2023-08-29 02:00:34

by Kees Cook

[permalink] [raw]
Subject: Re: [GIT PULL] pstore updates for v6.6-rc1

On August 28, 2023 4:56:00 PM PDT, Linus Torvalds <[email protected]> wrote:
>On Mon, 28 Aug 2023 at 11:21, Kees Cook <[email protected]> wrote:
>>
>> Please pull these pstore updates for v6.6-rc1. This contains a fair bit
>> of code _removal_ which is always nice.
>
>Hmm. The diffstat certainly looks good, but the end result isn't great..
>
>I now get 124 lines of
>
> pstore: zlib_inflate() failed, ret = -5!
>
>in my bootup dmesg.
>
>Considering that there's no reason for pstore to even be active on
>this machine, I think it's because pstore now goes and tries to
>uncompress something entirely invalid.
>
>The message itself does not seem to be new, but with the switch from
>the crypto code, it apparently used to be
>
> crypto_comp_decompress failed, ret = %d!
>
>but the key word here is *apparently*. I never got that message
>before. So something else has changed, and I'm thinking that the old
>code probably didn't even try to decompress the bogus data it found?
>
>I dunno. But 124 lines of insane garbage in the kernel messages is not
>a good thing.

Oh dear! That's obviously unexpected. I have so many questions. :P

- does this happen at every boot? (I assume yes.)
- what CONFIG are you built with?
- what was the prior CONFIG?
- what backend is in use? (Or better yet, what does "dmesg | grep pstore" report?)
- are you using systemd?

Decompression is only attempted if it's a valid record. If the records aren't being removed after boot (i.e. unlinked from /sys/fs/pstore) they won't get cleared. Normally systemd-pstore moves everything to /var/lib/systemd/pstore. But that must not be happening since you keep seeing the warnings.

That you have 124 of these makes me think you've got the EFI backend (CONFIG_EFI_VARS_PSTORE) built and it's default enabled (CONFIG_EFI_VARS_PSTORE_DEFAULT_DISABLE=n). The latter config was created to keep the EFI backend from filling the EFI variable space. I think distros started setting it to "n" once systemd-pstore was added, which keeps the EFI variables from piling up...

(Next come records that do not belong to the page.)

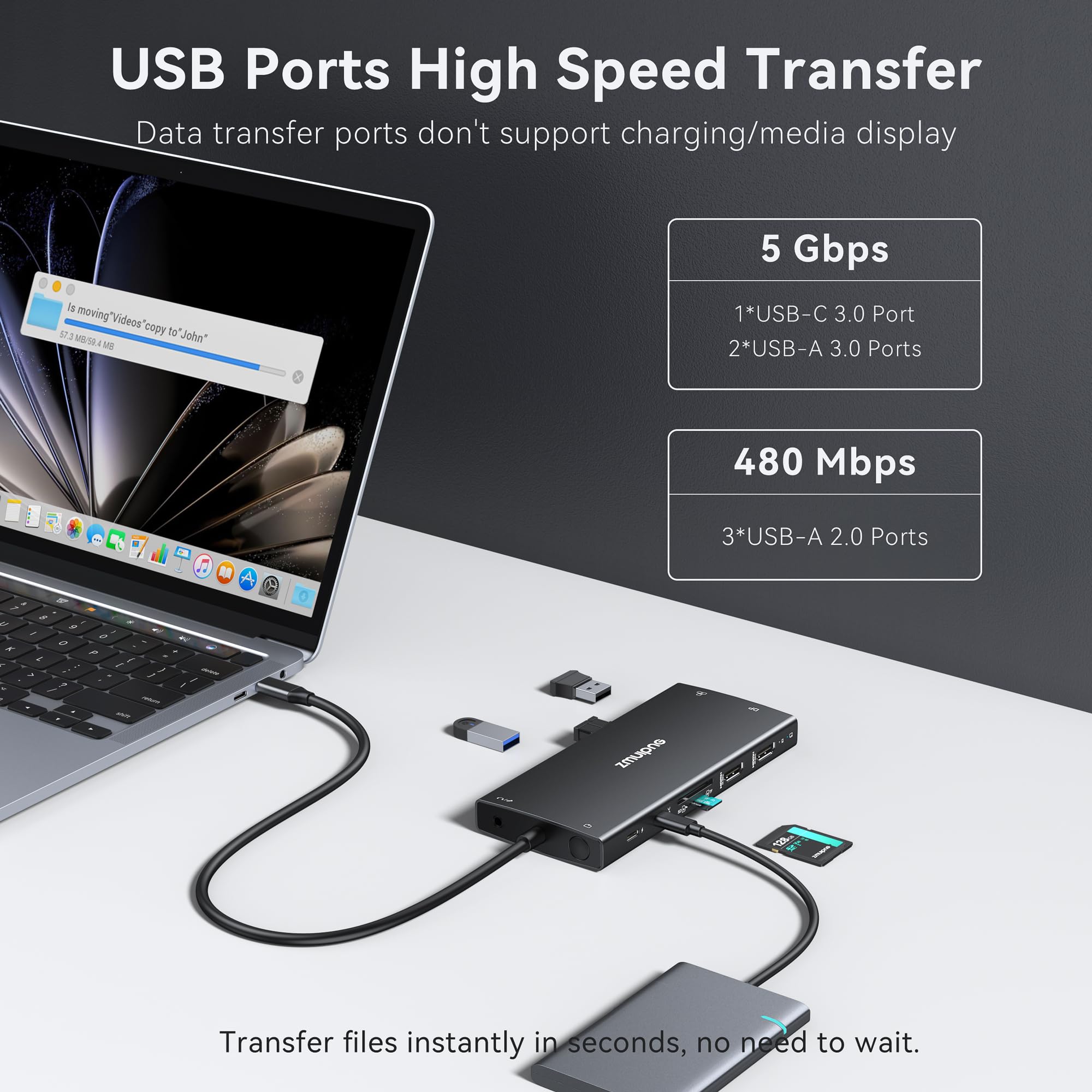 PD Charging Port & Gigabit Ethernet & Audio/Mic: This computer docking stationdual hdmi with power delivery support 100W PD Charging. This usb c docking will occupy 13W power to work, so only 87W power for laptop charging. The dual monitor docking station supports 10/100/1000BASE-T Lan networks, just plug in an ethernet cable, you can enjoy the ultra-fast gigabyte ethernet speed and the reliability of a wired connection directly. Also, this thunderbolt dock have a 3.5mm Mic/Audio(2 in 1) port for you to put in your wired headset, so that you can enjoy music without disturbing others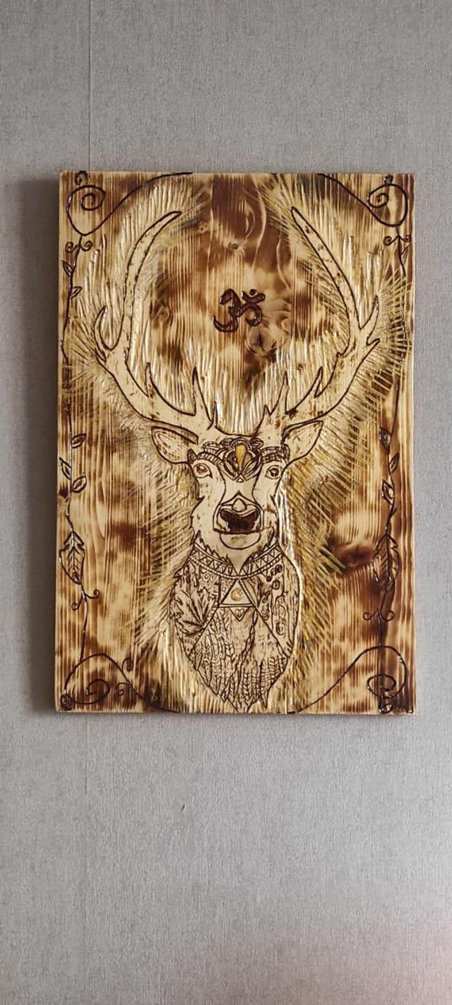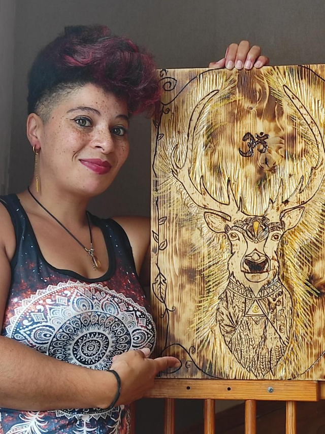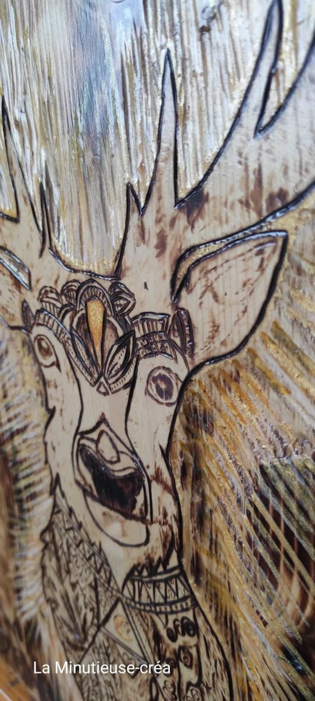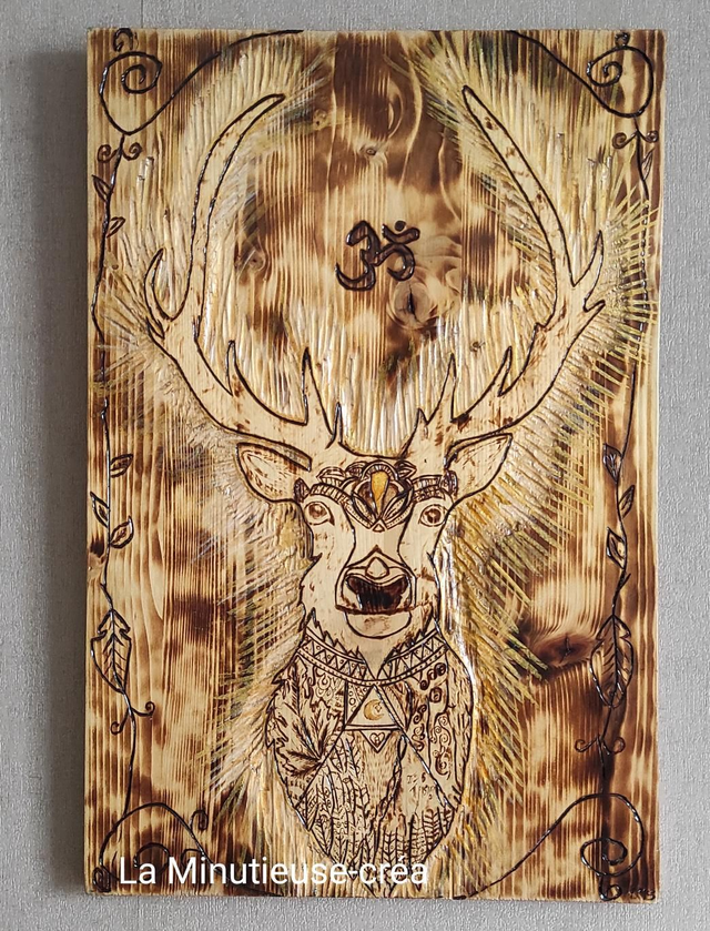 La toile est réalisée à la main (dessin pyrogravure chalumeau). La gravure et sculpture au couteau de bois pour qu'il puisse exprimer son rayonnement.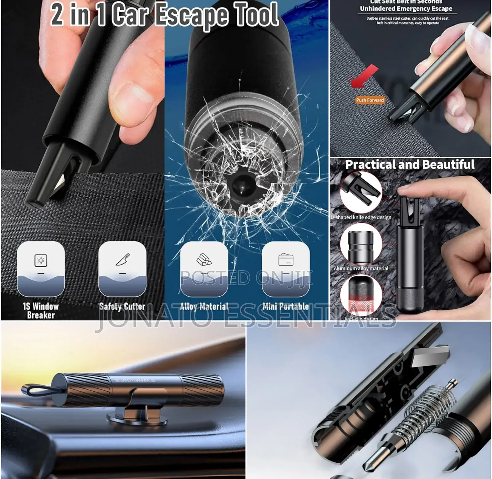 hidden design, built-in stainless steel cutter, can quickly cut seat belts in critical moments, u-shaped hidden knife edge design. fingers can not go deep, safe not to hurt hands, beware of scratches.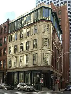 The Richardson Block is a historic block of commercial buildings at 113-151 Pearl and 109-119 High Streets in Boston, Massachusetts. It consists of a series of buildings constructed in the aftermath of the Great Boston Fire of 1872. The first of these buildings, at the corner of Pearl and High Streets, was designed by William Preston and built in 1873 for Jeffrey Richardson, using granite and brick salvaged from buildings that had previously stood on the site. The area was an important locus of the leather goods business both before and after the fire, and the buildings constructed after the fire are among the only neo-Greek commercial structures standing in Boston's Financial District.[2]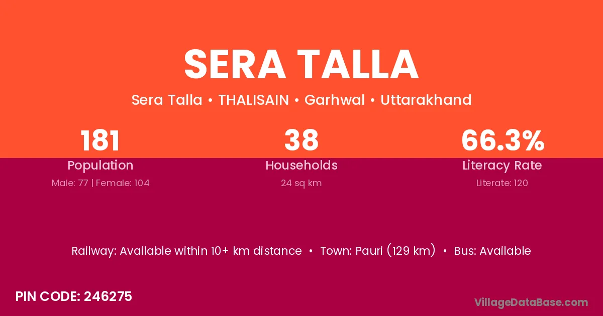 Pauri (129 km) is the nearest town to Sera Talla village for major economic activities and is located approximately 129 km away.

So, I assume either systemd-pstore isn't running for you or something has gone sideways with it. And since I did testing of "changed compression type" without systemd-pstore, I bet systemd-pstore ignores the failed records...
https://github.com/systemd/systemd/blob/599a3124849819ba5af0a71b7572e87256814881/src/pstore/pstore.c#L225
Yup. Ugh. (Though I still find it odd that you have 124 records...)

Let me think about the best way to deal with this. I expect I'll have pstore wipe the failed records as it is expressly not expected to work across differing configs/kernel versions. And permanently spewing errors is not ok.

In the meantime, you can make the warnings go away with:

rm /sys/fs/pstore/*enc.z


--
Kees Cook